Few people remember anything about the first domestic VCR, launched by Philips as long ago as 1972. The price was high, the recording time was limited to one hour, and it ended up selling mainly to commercial and institutional buyers. Thomas Winshaw bought one, all the same, and had it built into a cupboard behind one of the oak-pannelled walls of his office at Stewards. But he decided not to invest at this stage. Although he was both privately excited by the invention and keenly aware of its commercial possibilities, he sensed that its time had not yet come. Almost, but not quite.
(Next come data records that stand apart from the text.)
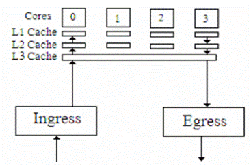 一些多隊(duì)列網(wǎng)卡驅(qū)動(dòng)實(shí)現(xiàn)的不是太好,在初始化后會出現(xiàn)圖4.1中同一個(gè)隊(duì)列的tx、rx中斷綁定到不同核上的問題,這樣數(shù)據(jù)在core0與core1之間流動(dòng),導(dǎo)致核間數(shù)據(jù)交互加大,cache命中率降低,降低了效率。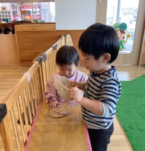 今まではなんとなく近くで遊んだりしていたのが、だんだんおともだちとコミュニケーションを取れるようになってきて、遊びの幅がどんどん広がっていくようです♡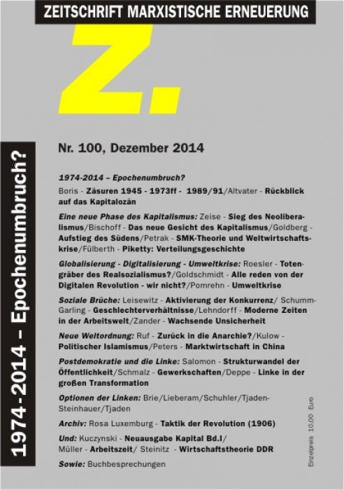Haben wir es mit einem „Epochenbruch“ zu tun? Ist die Periode nach 1973, wie Eric Hobsbawm meint, als „Erdrutsch“ zu bezeichnen, oder müssen wir nicht eher von einem „Kompositum von Kontinuitäts- und Diskontinuitätsmomenten“ sprechen? Dieter Boris zeigt, dass es keine allgemeingültigen Kriterien für die Periodisierung von historischen Prozessen gibt, dass sachliche Ebenen und Zeithorizonte unterschieden werden müssen. Erst aus der Gewichtung der verschiedenen Momente heraus plädiert er für die These des „Bruchs“. Für Elmar Altvater sind die 1970er Jahre der entscheidende Einschnitt: Mit dem Ende des Systems von Bretton Woods beginnt der Siegeszug des Finanzmarktkapitalismus. Gleichzeitig kündigte, angestoßen durch den Bericht des ‚Club of Rome’ von 1972, die Bewusstwerdung des Zusammenhangs zwischen Geld- und Kapitalform einerseits und Naturalform andererseits ein „neues Erdzeitalter“ an, das „Kapitalozän“, als „Einheit von kapitalistischer Gesellschaftsformation und … planetarischer Naturalform“. Auch Lucas Zeise wertet die 1970er Jahre als Epochenbruch, wobei er die Veränderung der Kräfteverhältnisse zwischen Kapital und Arbeit als Kern des Neoliberalismus in den Mittelpunkt stellt.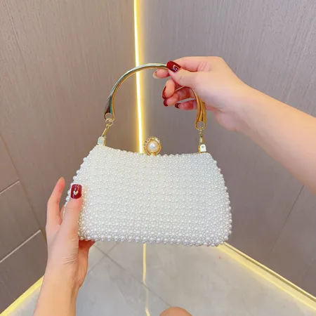 Step into timeless elegance with this exquisite 'Bianca' pearl-embellished mini handbag, the ultimate accessory for formal events, weddings, and sophisticated evenings. Each piece is meticulously covered in luminous imitation pearls, creating a luxurious, textured surface that captures light beautifully. The structured, classic silhouette is perfectly complemented by a sleek gold-tone arched top handle and a central pearl-adorned clasp, blending vintage charm with modern glamour.

1978 saw the first real flurry of activity. In April JVC introduced its Video Home System, retailing at £750, and only three months later Sony launched the rival Betamax machine. Over the next few years these two systems were to slug it out in the marketplace, with VHS finally proving itself the clear winner. In the autumn of 1978, when Thomas Winshaw announced that the bank would be involving itself heavily in the burgeoning industry, his fellow board members’ initial reaction was one of dismay. They reminded him that Stewards’ flirtation with the film industry in the early 1960s had not been successful, and even invoked the crisis at Morgan Grenfell ten years ago, when a major commitment to film financing had ended in a potential disaster only warded off at the last minute by intervention from the Bank of England. Thomas dismissed these precedents. He was not suggesting anything as risky as investment in film production. He simply proposed taking a modest stake in one of the leading hardware manufacturers; the software market being, as he would be the first to admit, at this stage too new, too unstable and, frankly, too sleazy. As usual, his instincts were right. Over the next five years, imports of video recorders multiplied ten times over, and by 1984 there was a machine in 35.74 per cent of British homes, as opposed to 0.8 per cent in 1979. The bank profited handsomely. Then in 1981 they became advisers and fund managers to a firm which was rapidly building up a strong market share in post-production, distribution and film-to-video transfers. With Stewards’ help, this company went on to merge with an independent video duplication house and within a few years more than three quarters of its income was coming from duplication services. Once again, the bank reaped substantial dividends. Thomas slipped up on one occasion, however: he was an enthusiastic proponent of Philips’s videodisc system, LaserVision, which was put on the market in May 1982 but after more than a year had only collected sales figures of around 8,000. The obvious explanation was that it did not offer a recording facility, and when, a few months later, JVC abruptly cancelled their own disc system, and RCA decided to halt all player production in 1984, it was clear even to the least sophisticated industry analyst that the new technology had failed to catch on. Yet Thomas maintained his commitment to a £10-million disc-pressing plant in Essex, which was running at a huge loss.